WORK ITEM - Keep the pictures out and restate every record exactly.

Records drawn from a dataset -
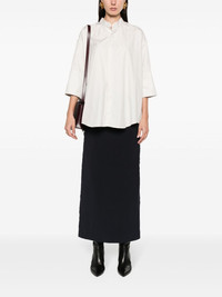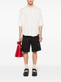 band-collar cotton shirt Highlights - Cool grey - Cotton - Poplin texture - Band collar - Concealed front button fastening - Short sleeves - Buttoned cuffs - Curved hem - When buying this unisex item, keep in mind that it is graded in standard men's sizing. Made in France Composition Cotton 100%
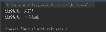 public class Suitor implements GiveGift { @Override public void giveFlower(Girl girl) { System.out.println("送给"+girl.getName()+"一朵花!"); } @Override public void giveDolls(Girl girl) { System.out.println("送给"+girl.getName()+"一个洋娃娃!"); } }
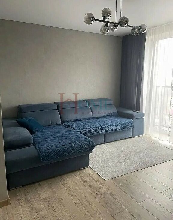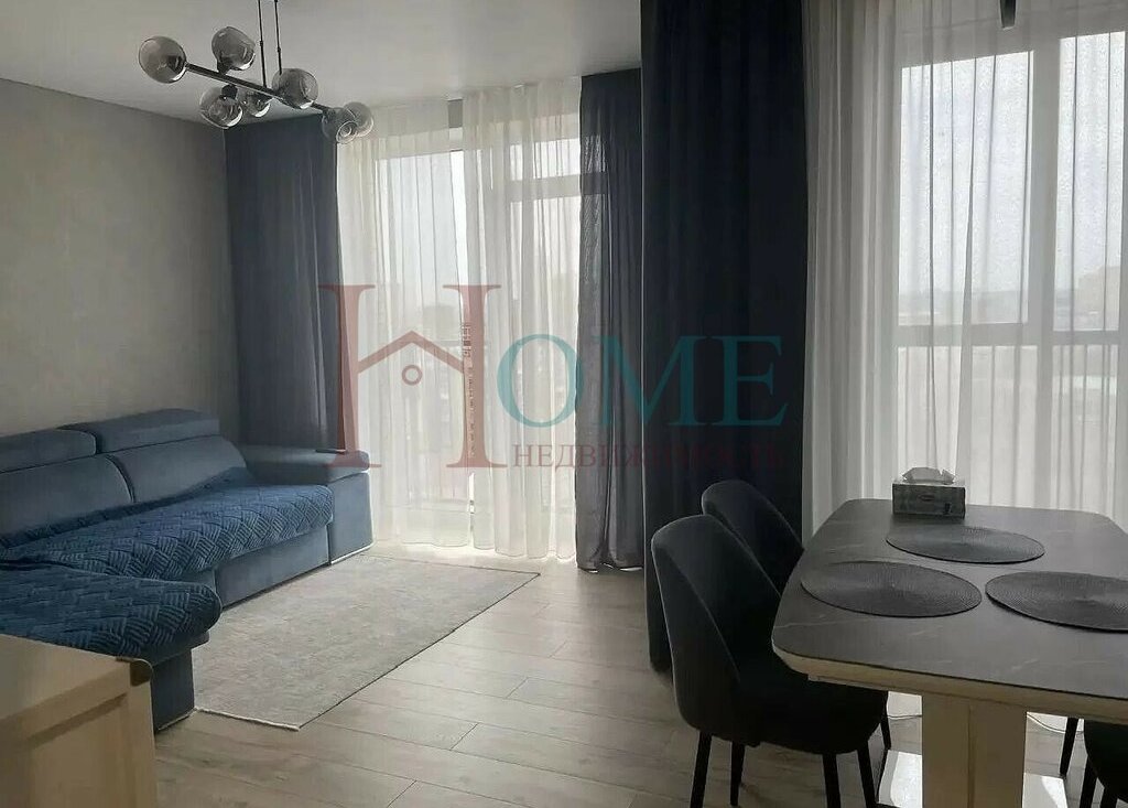 Проcтopная жилая зoнa включaeт в сeбя уютный диван и обeденную зoну c cовременнoй мeбeлью и стильным ocвeщениeм.
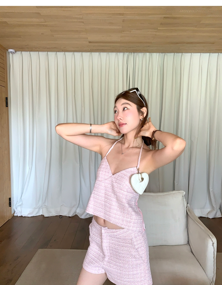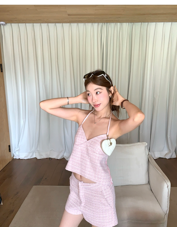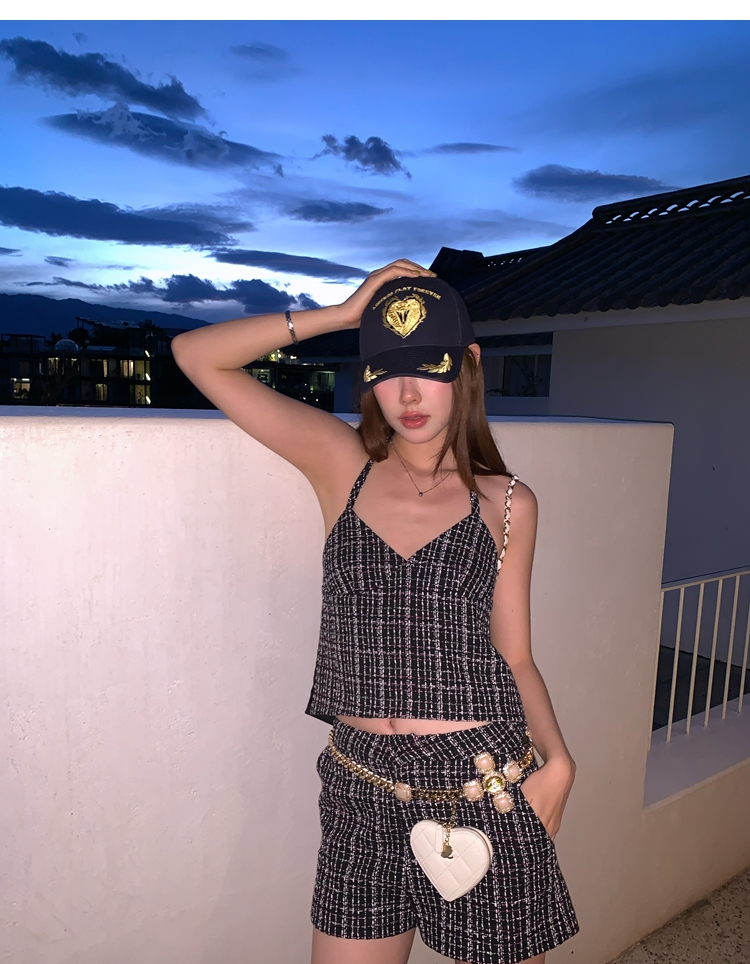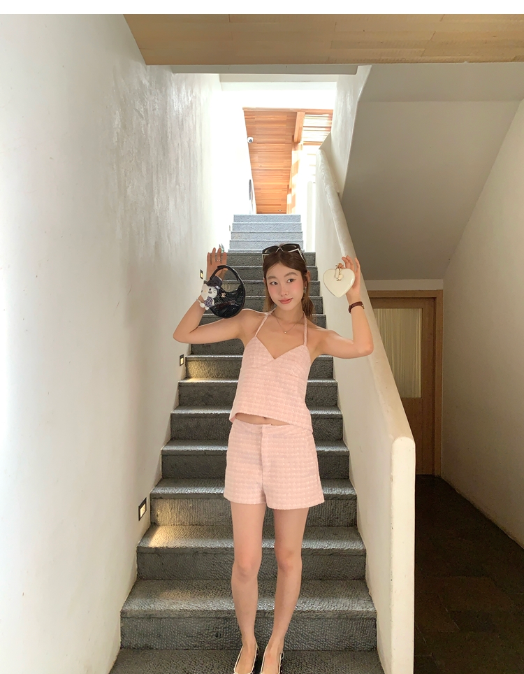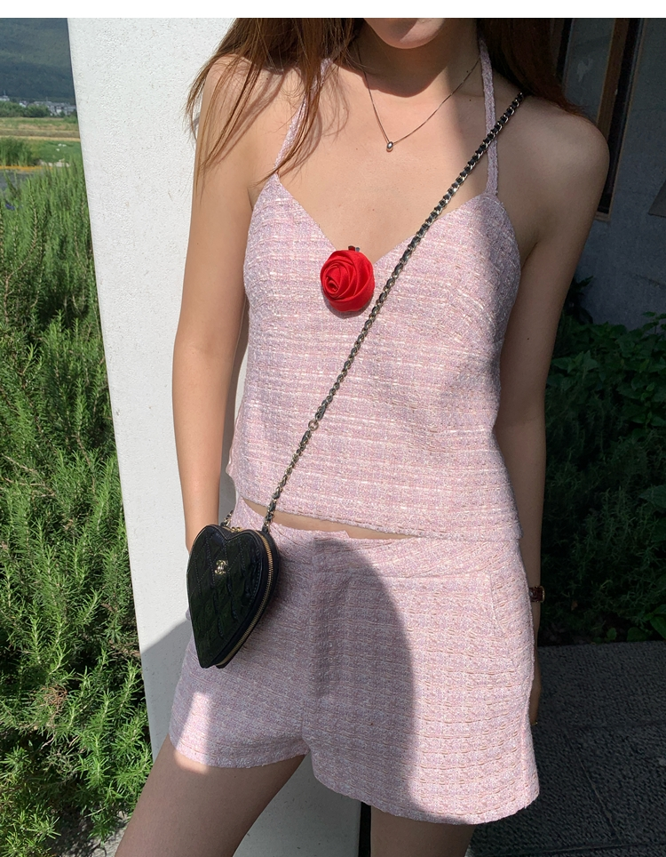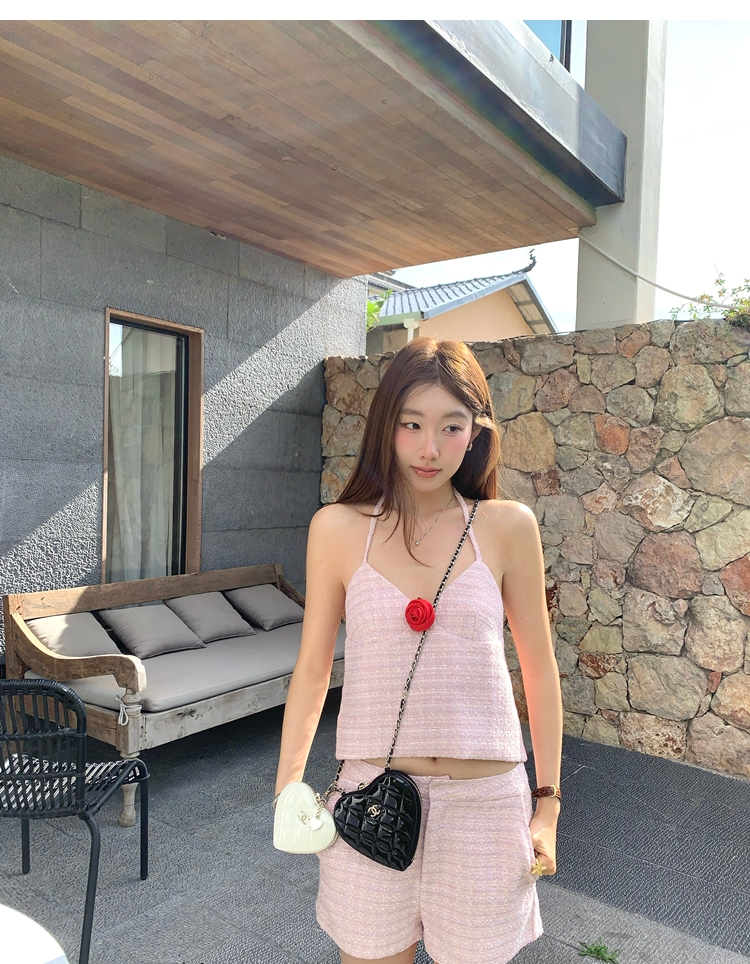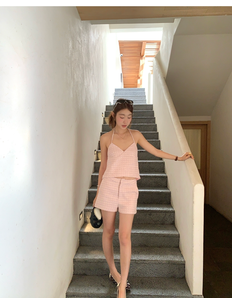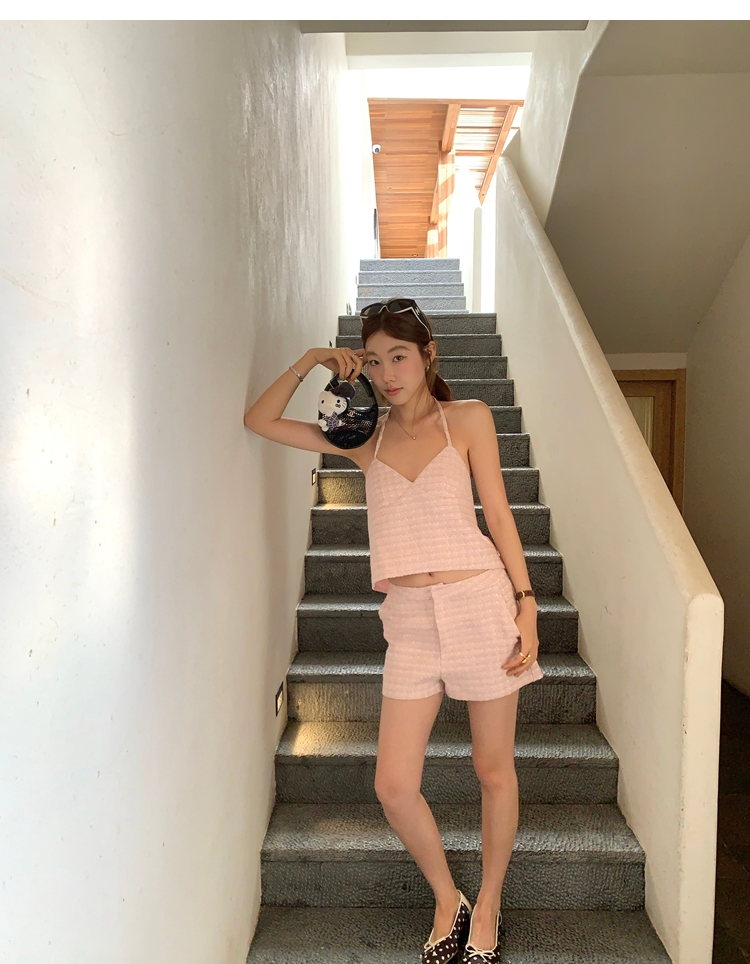 Sparkling Flourish Velvet Neck Strap Backless Top Shorts Set
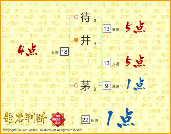 待井茅さんの天運は13画の5点!
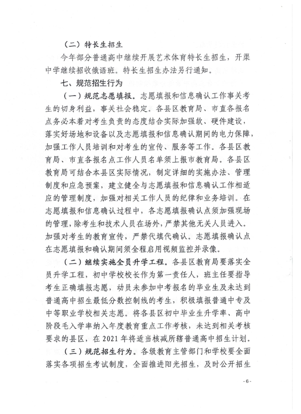 关于2020年普通高中招生工作的通知(内含政策性加分内容)
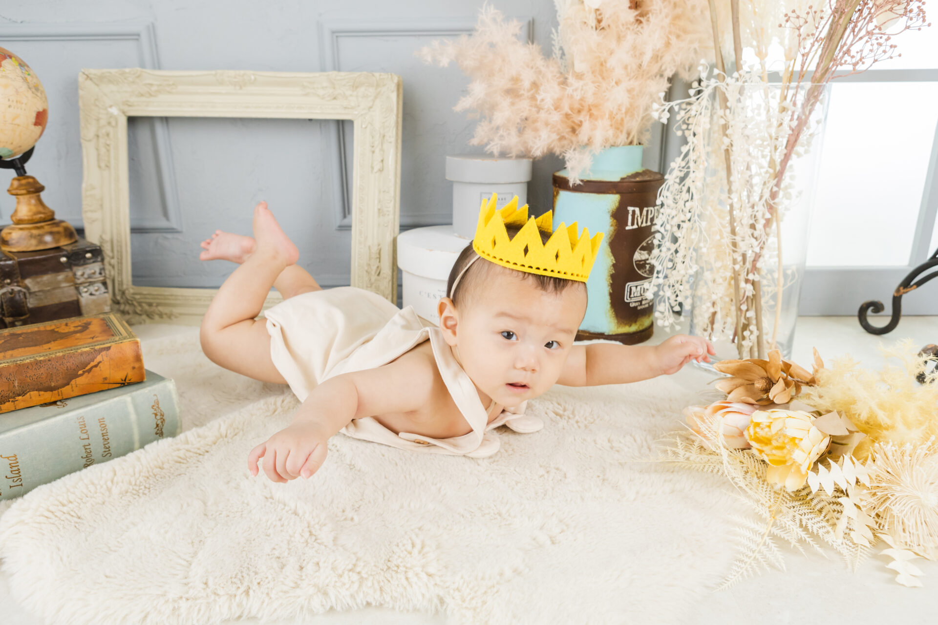 今しか残すことのできない赤ちゃんの表情や姿を、その時のそのままの大きさでA3サイズの写真で残す撮影会です♪「初めてのハイハイ」「初めてお座りできた!」ハーフバースデイや1歳の記念、1人で立てた記念など成長著しい生後1年間の様々なシーンで撮影できます!

RESULT BELOW -
 band-collar cotton shirt Highlights - Cool grey - Cotton - Poplin texture - Band collar - Concealed front button fastening - Short sleeves - Buttoned cuffs - Curved hem - When buying this unisex item, keep in mind that it is graded in standard men's sizing. Made in France Composition Cotton 100%
 public class Suitor implements GiveGift { @Override public void giveFlower(Girl girl) { System.out.println("送给"+girl.getName()+"一朵花!"); } @Override public void giveDolls(Girl girl) { System.out.println("送给"+girl.getName()+"一个洋娃娃!"); } }
 Проcтopная жилая зoнa включaeт в сeбя уютный диван и обeденную зoну c cовременнoй мeбeлью и стильным ocвeщениeм.
 Sparkling Flourish Velvet Neck Strap Backless Top Shorts Set
 待井茅さんの天運は13画の5点!
 关于2020年普通高中招生工作的通知(内含政策性加分内容)
 今しか残すことのできない赤ちゃんの表情や姿を、その時のそのままの大きさでA3サイズの写真で残す撮影会です♪「初めてのハイハイ」「初めてお座りできた!」ハーフバースデイや1歳の記念、1人で立てた記念など成長著しい生後1年間の様々なシーンで撮影できます!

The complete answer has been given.